Obstructive Pulmonary Disease Clinical Trial

— MICROBOPH  

Official title:

Characterization and Significance of Circulating Microvesicles in Pulmonary Hypertension Due to Chronic Obstructive Pulmonary Disease

Clinical Trial Details — Status: Not yet recruiting

Administrative data

• NCT number: NCT05250128
• Other study ID #: 8073
• Status: Not yet recruiting
• Start date: September 2022
• Est. completion date: September 2025

Study information

• Verified date: February 2022
• Source: University Hospital, Strasbourg, France
• Contact: Marianne RIOU
• Phone: +33 369551145
• Email: marianne.riou[@]chru-strasbourg.fr
• Is FDA regulated: No
• Study type: Observational

Clinical Trial Summary

Mild to moderate pulmonary hypertension is a common complication of chronic obstructive pulmonary disease (COPD); such a complication is associated with increased risks of exacerbation and decreased survival.
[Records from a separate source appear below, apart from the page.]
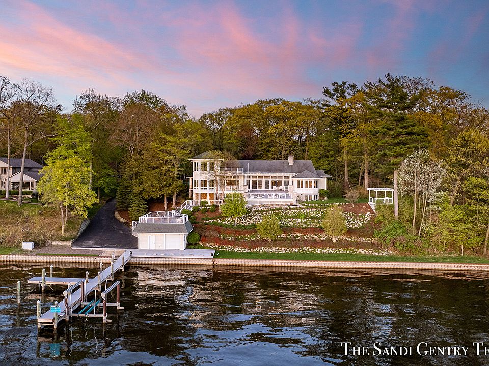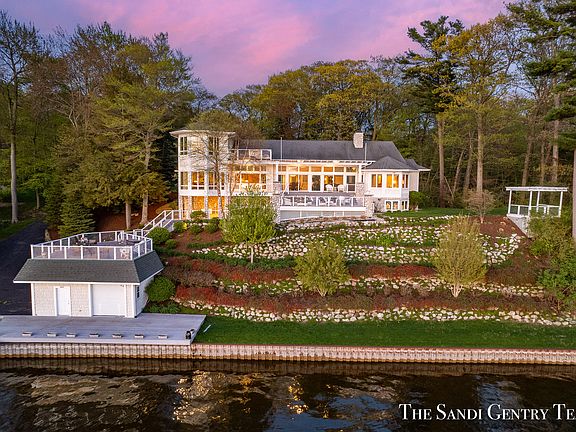 Luxurious living on 230' Spring Lake water frontage, this impeccable Spring Lake Water Front Estate is situated on a 1.5 wooded acres, providing serenity and privacy. Experience million dollar views from the multi-level decks that span the home and enjoy the picturesque scenery and landscaping. Boasts 6 bedrooms and 5.5 baths and over 7,300 sf of expansive rooms throughout the home, there is tons of space to relax and unwind, as well as entertain. The sprawling gourmet kitchen features commercial grade built-in appliances and huge center island. Multiple living spaces throughout the home offer breathtaking water views including the Walk out Lower Level. The upper level provides an incredible primary suite with private balcony, and ensuite providing you a luxurious retreat via Elevator. Boat house and Dock provides storage and easy access to the beautiful waters of Spring Lake.
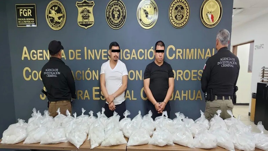 En Chihuahua, durante una inspección realizada por la FGR a un autobús en un filtro de seguridad en Ciudad Juárez, fueron detenidos dos hombres y se aseguraron cuarenta y cuatro kilos de metanfetamina.
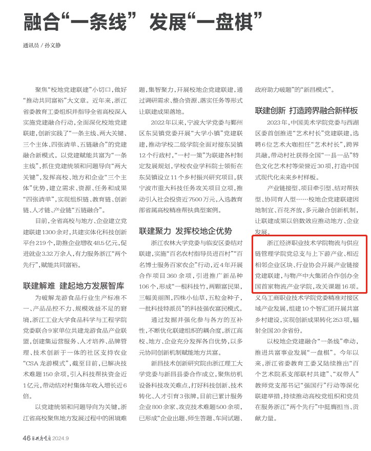 近日,浙江省党建指导性刊物《共产党员》刊发我校物流与供应链管理学院联建创新,打造跨界融合新样板。学院党总支与上下游产业、相近 相邻企业区块、行业协会开展产业链接 党建联建,与物产中大集团合作创办全 国首家物流产业学院,攻关课题16项。
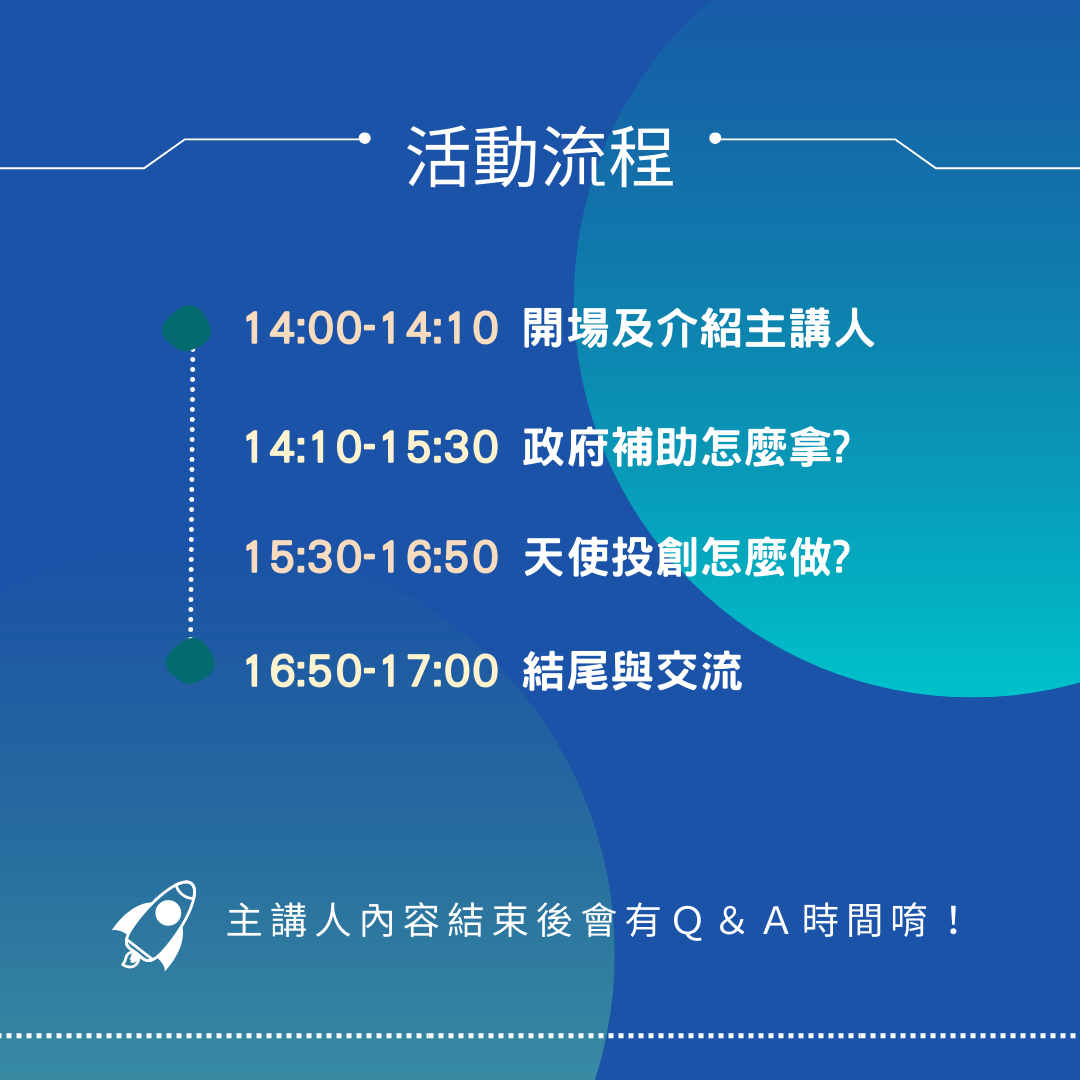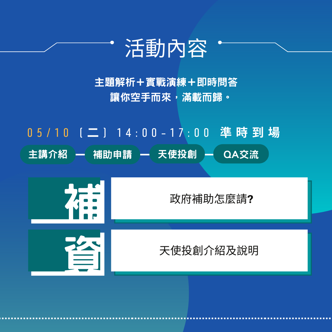 創業初期容易遇到許多瓶頸,研發產品時的資金怎麼來? 想申請補助卻不知從何寫起、想募集資金卻找不到金主? 本次講座邀請到兩位已在業界打滾多年的專業講師,政府補助案蔡秉翰顧問 及 天使投創 莊孟儒顧問、為你抽絲剝繭、娓娓道來! 保證你空手而來,滿載而歸。

A small proportion of COPD patients may present with severe pulmonary hypertension, defined by a mean pulmonary artery pressure more than 35 mmHg (or more than 20 mmHg with a low cardiac index < 2 l/min/m2) with pulmonary vascular resistance more than 3 Wood units, measured by right heart catheterization (RHC). In these patients, pulmonary microvessels remodeling is the main cause of increase in pulmonary arterial pressure and is thought to result from the combined effects of hypoxia, inflammation, and loss of capillaries but the mechanisms are complex.
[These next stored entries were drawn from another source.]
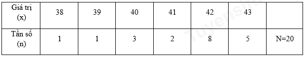 Trong đợt kiểm tra sức khỏe số cân nặng của 20 học sinh nữ lớp 7A được ghi lại trong bảng sau (đơn vị khối lượng: kg)
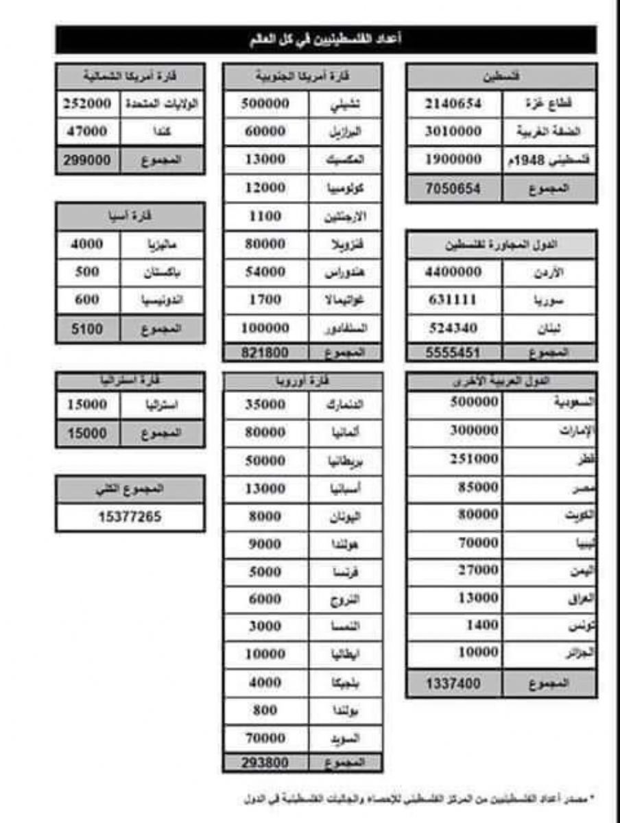 بالأرقام ..أعداد الفلسطينيين وأماكنهم بالعالم
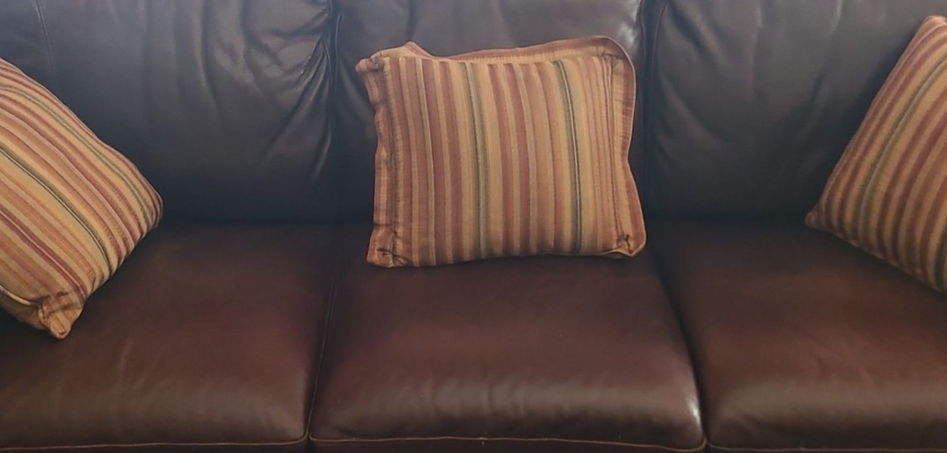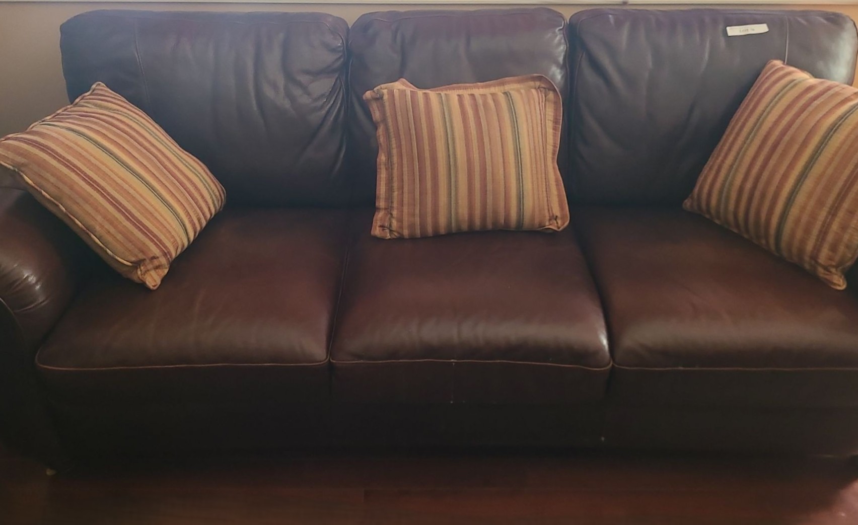 Lot 70 Natuzzi Leather 3 Seater Brown Club Couch w Pillow 92 w 34 h
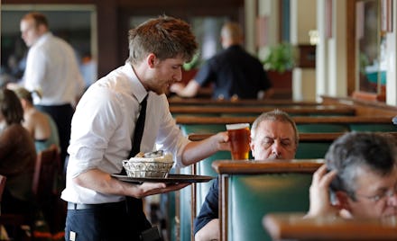Waiters and restaurant workers deserve better pay. The median hourly rate above the average wage in 2012 was $8.84 an hour. If the added tips don't raise their salary to the federally mandated $7.25 wage, the employer is supposed to fill in the gap. The U.S. Department of Labor found that 9,000 restaurants between 2010 and 2012 were in violation of wage law rules, so that's no guarantee either.

For these patients, no drugs have been approved for treatment and lung transplantation must be considered for the more severe patients who are eligible. A better characterization of these patients is needed.
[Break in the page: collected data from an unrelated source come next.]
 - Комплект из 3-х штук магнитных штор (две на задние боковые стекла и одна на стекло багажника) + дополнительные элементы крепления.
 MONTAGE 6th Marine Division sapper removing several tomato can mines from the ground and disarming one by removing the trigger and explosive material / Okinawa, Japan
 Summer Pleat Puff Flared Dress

We hypothesize that microvesicles generation and endothelial damage could be related to the severity of pulmonary hypertension due to COPD, assessed by pulmonary hemodynamic parameters. Circulating biomarkers of vascular damage and cell activation will be measured in blood samples from 80 COPD patients who have hemodynamic assessment by RHC. To go further, the origin of the particles will be characterized.

Recruitment information / eligibility

• Status: Not yet recruiting
• Enrollment: 80
• Est. completion date: September 2025
• Est. primary completion date: September 2022
• Accepts healthy volunteers: No
• Gender: All
• Age group: 18 Years and older

Eligibility

Inclusion criteria:

• Age = 18

• COPD: obstructive ventilatory insufficient on spirometry and history of smoking

• patients who will perform right heart catheterization

• Signature of written informed consent

Exclusion criteria:

• LVEF < 45% (echocardiography)

• Post-capillary pulmonary hypertension (pulmonary capillary wedge pressure > 15 mmHg)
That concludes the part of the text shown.